HSBC revisits plan to list shares in China as London-Shanghai stock link looms
HSBC Holdings has begun revisiting a plan to list its shares on the mainland, putting it on track to become first foreign company to issue depositary receipts on the mainland under the scheme that links the Shanghai and London stock exchanges.
The biggest lender in Hong Kong and Europe said in a statement on Thursday that it was studying the framework of the trading system, but would not comment further.
The remarks came after the Financial Times reported that HSBC would tap the connect to list shares on the mainland following an eight-year hiatus.
Under the depository receipts system, part of a company’s shares are transferred to a custodian bank before being traded by investors on an overseas bourse.
The stock connect scheme is set to become operational this year, according to the mainland securities regulator.
But the timing of an HSBC’s mainland listing remains cloudy due to a weak market sentiment.
Firstly, the mainland regulator is wary of massive fundraising from the beleaguered A-share market at a time when domestic shares have slumped to a multi-year low.
On Thursday, the benchmark Shanghai Composite Index fell 2.9 per cent to a four-year low of 2,486.42, bringing its decline for the year to 24.8 per cent.
The offering by HSBC is likely to amount to billions of dollars worth of yuan.
Given HSBC’s status as a leading global financial giant, it is likely that the offering will draw significant interest from mainland investors, drawing in investment flows and potentially putting pressure on other domestically-listed Chinese shares.
Secondly, the new link is different from the existing stock connect schemes linking the mainland and Hong Kong stock markets.

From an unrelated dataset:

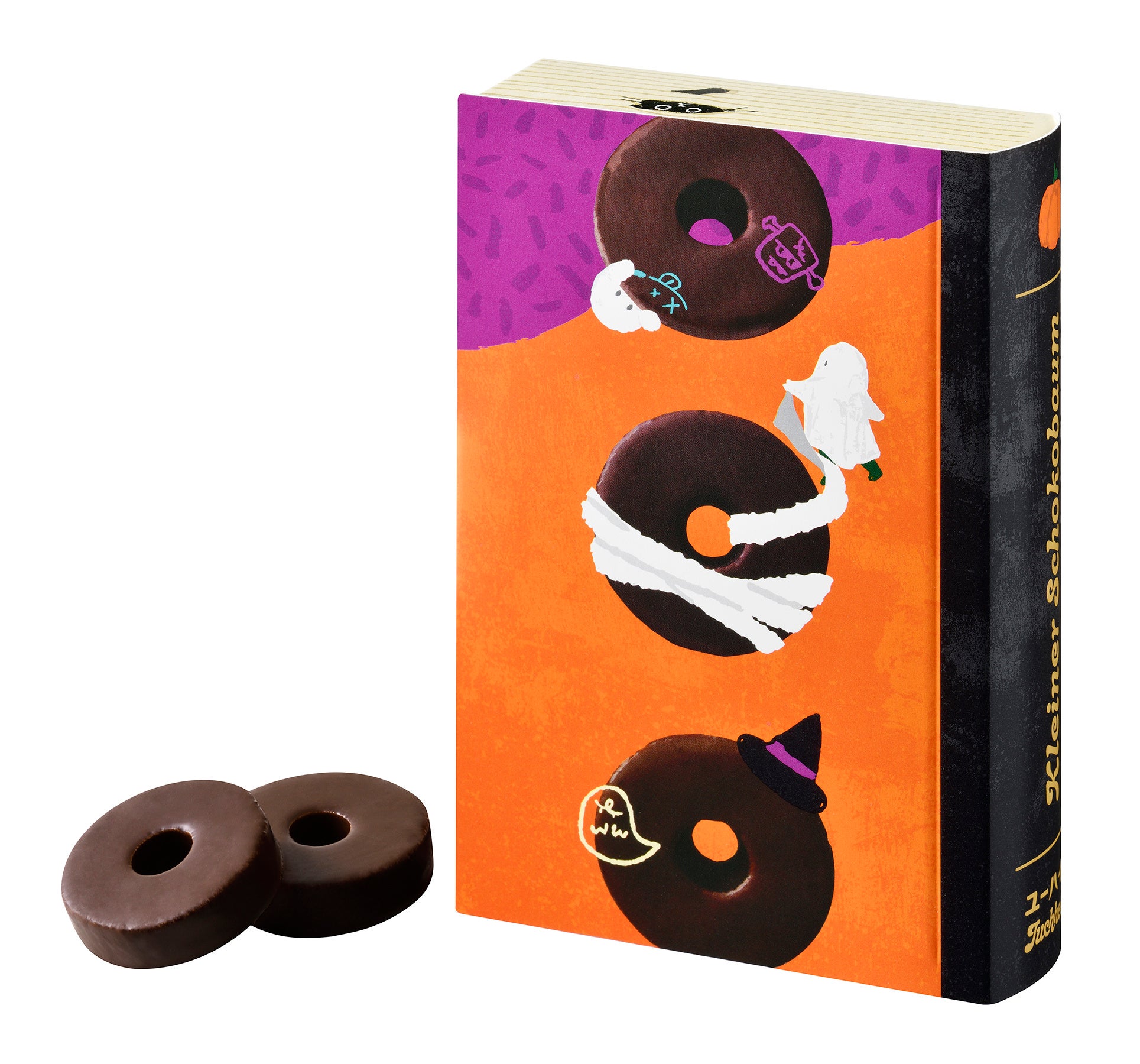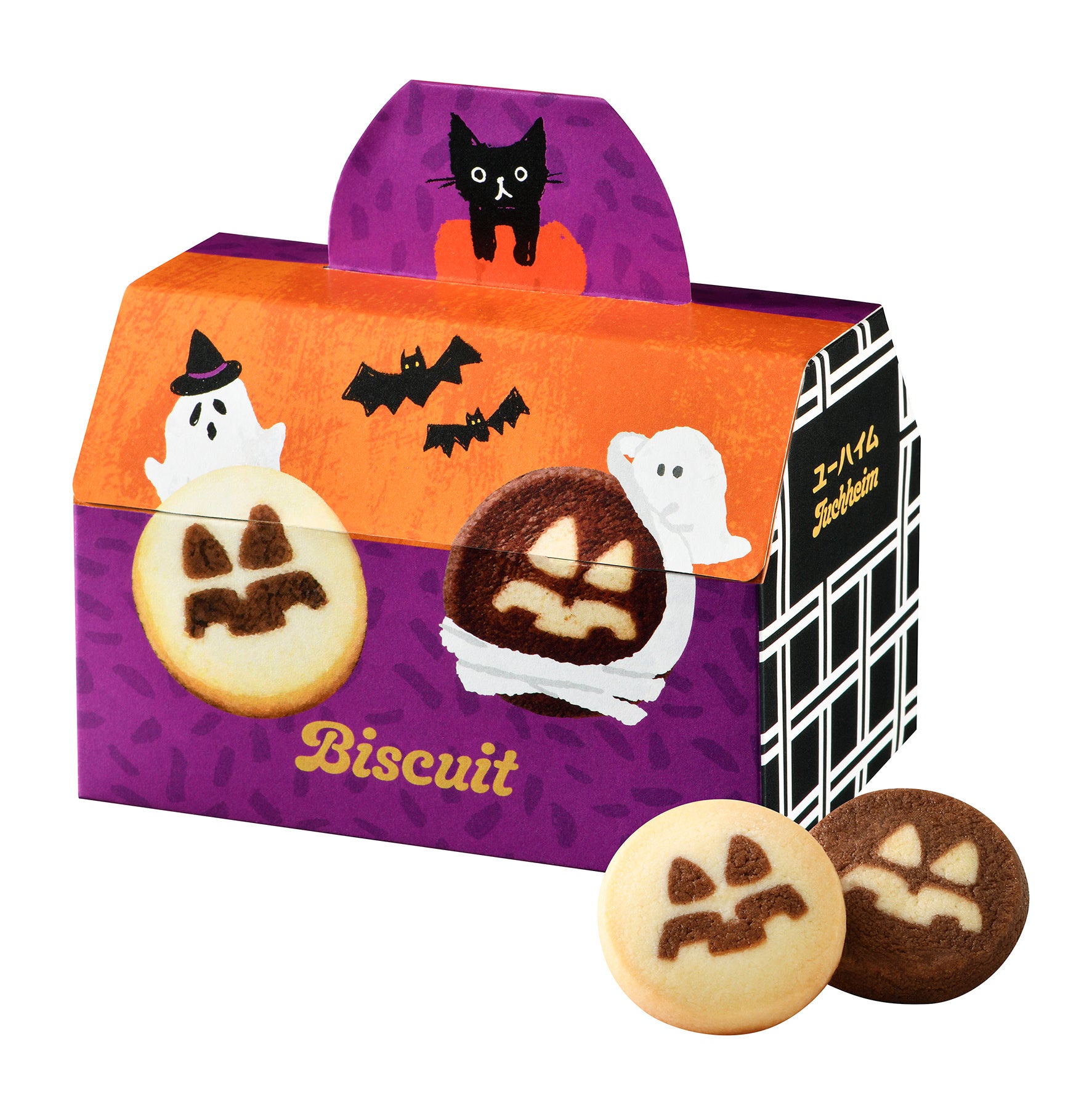バターの風味を楽しめる生地と、ユーハイムオリジナルのチョコレートを使った生地を組み合わせた、お化けのシルエットのビスケット。ハウス型のパッケージ入り。

Unlike the existing stock connects, the London link is seen as a symbolic rather than a substantive move to liberalise yuan-denominated shares market that are off-limits to foreign companies.
Hong Kong’s stock connect schemes with Shanghai and Shenzhen, launched in 2014 and 2016 respectively, enables cross-border trade in hundreds of large-cap stocks via local brokerages.
Under the London-Shanghai link investors are able to access only the depository receipts.
Foreign companies can issue Chinese depositary receipts on the Shanghai Stock Exchange and mainland companies offer global depositary receipts.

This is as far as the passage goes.